Cross-section analysis was performed on three different SiC MOSFET generations (Figure 24). The analysis reveals a reduction in pitch dimensions with advancements in manufacturing technology. As previously discussed, this shielding is crucial for protecting the gate oxide, which is positioned at the top of the device, from high electrical fields.

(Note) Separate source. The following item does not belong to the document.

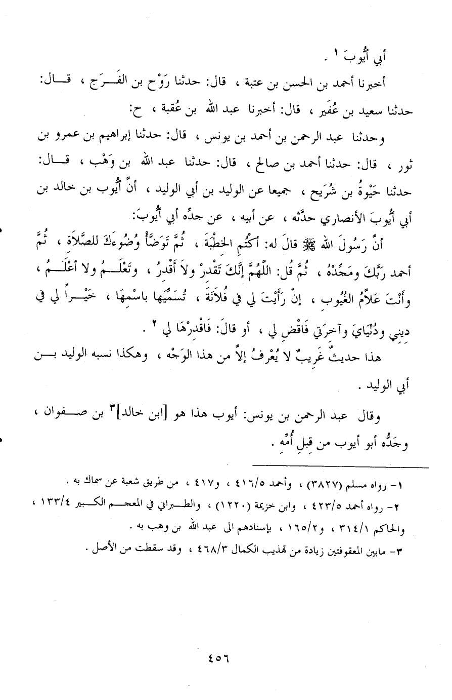أخبرنا أحمد بن الحسن بن عتبة، قال: حدثنا روح بن الفرج، قال: حدثنا سعيد بن عفير، قال: أخبرنا عبد الله بن عقبة، ح: وحدثنا عبد الرحمن بن أحمد بن يونس، قال: حدثنا إبراهيم بن عمرو بن ثور، قال: حدثنا أحمد بن صالح، قال: حدثنا عبد الله بن وهب، قال: حدثنا حيوة بن شريح، جميعا عن الوليد بن أبي الوليد، أن أيوب بن خالد بن أبي أيوب الأنصاري حدثه، عن أبيه، عن جده أبي أيوب: أن رسول الله صلى الله عليه وسلم قال له: أكتم الخطبة، ثم توضأ وضوءك للصلاة، ثم أحمد ربك ومجده، ثم قل: اللهم إنك تقدر ولا أقدر، وتعلم ولا أعلم، وأنت علام الغيوب، إن رأيت لي في فلانة، تسميها باسمها، خيرًا لي في ديني ودنياي وآخرتي فاقض لي، أو قال: فاقدرها لي.

For SiC-based devices, the SE effect is more pronounced than in Si-based MOS systems as the band offset and, consequently, the potential barrier for electrons are lower [15]. Previous studies, on early generations, have observed an SE current at the end of the SC pulse [9]. This phenomenon arises from electrons crossing the barrier established by the gate insulation due to the simultaneous effects of high temperature and high electric field. However, in [9], older generations of technologies were examined (e.g., DUT Gen1) compared to the present study (DUT Gen2). As illustrated in Figure 24, the pitch dimension has been significantly reduced with manufacturing improvements, resulting in a diminished SE effect.

5. Conclusions

A systematic test methodology for assessing the SC performance and safe operating conditions of power SiC MOSFETs was proposed and validated. These devices, which are critical for high-dependability applications, such as automotive, rail, and aeronautics, were found to be more sensitive to SC degradation compared to their silicon counterparts. This increased sensitivity is attributed to the reduced die size and higher current density of SiC MOSFETs despite their superior voltage blocking capability and energy efficiency.

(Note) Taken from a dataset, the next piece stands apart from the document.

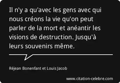 Il n'y a qu'avec les gens avec qui nous créons la vie qu'on peut parler de la mort et anéantir les visions de destruction. Jusqu'à leurs souvenirs même.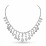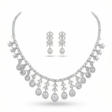 This exquisite diamond necklace set is designed to embody refined elegance and timeless luxury. The necklace showcases a delicate arrangement of leaf-inspired motifs, gracefully finished with cascading teardrop-shaped diamond drops that create a fluid, radiant silhouette. Each element is meticulously crafted to reflect light beautifully, enhancing the overall brilliance of the piece.

The SC withstand time for various drain–source voltages was determined, revealing a significant reduction as the drain–source voltage approached the device’s maximum rating. Additionally, progressive degradation in key parameters, such as gate leakage current and drain–source current, was observed during repetitive SC events, with device failure eventually occurring. A correlation between SC energy, pulse width, and device degradation was established, emphasizing the importance of precise SC energy monitoring to extend device lifespan.

Two major failure mechanisms—thermal runaway and ILD degradation—were identified under SC stress. These mechanisms were shown to be influenced by the duration and frequency of SC events, with thermal runaway becoming dominant at higher drain–source voltages and longer SC pulses. The concept of an SC safe operating area was explored, demonstrating that quasi-simultaneous SC events, particularly in phase-leg topology with synchronous operation, significantly affect device lifetime.

Through this work, a deeper understanding of the SC failure modes in SiC MOSFETs has been achieved, and a comprehensive methodology for evaluating SC performance has been provided. These findings are expected to inform design rules and improve the reliability of SiC MOSFETs in high-stress environments.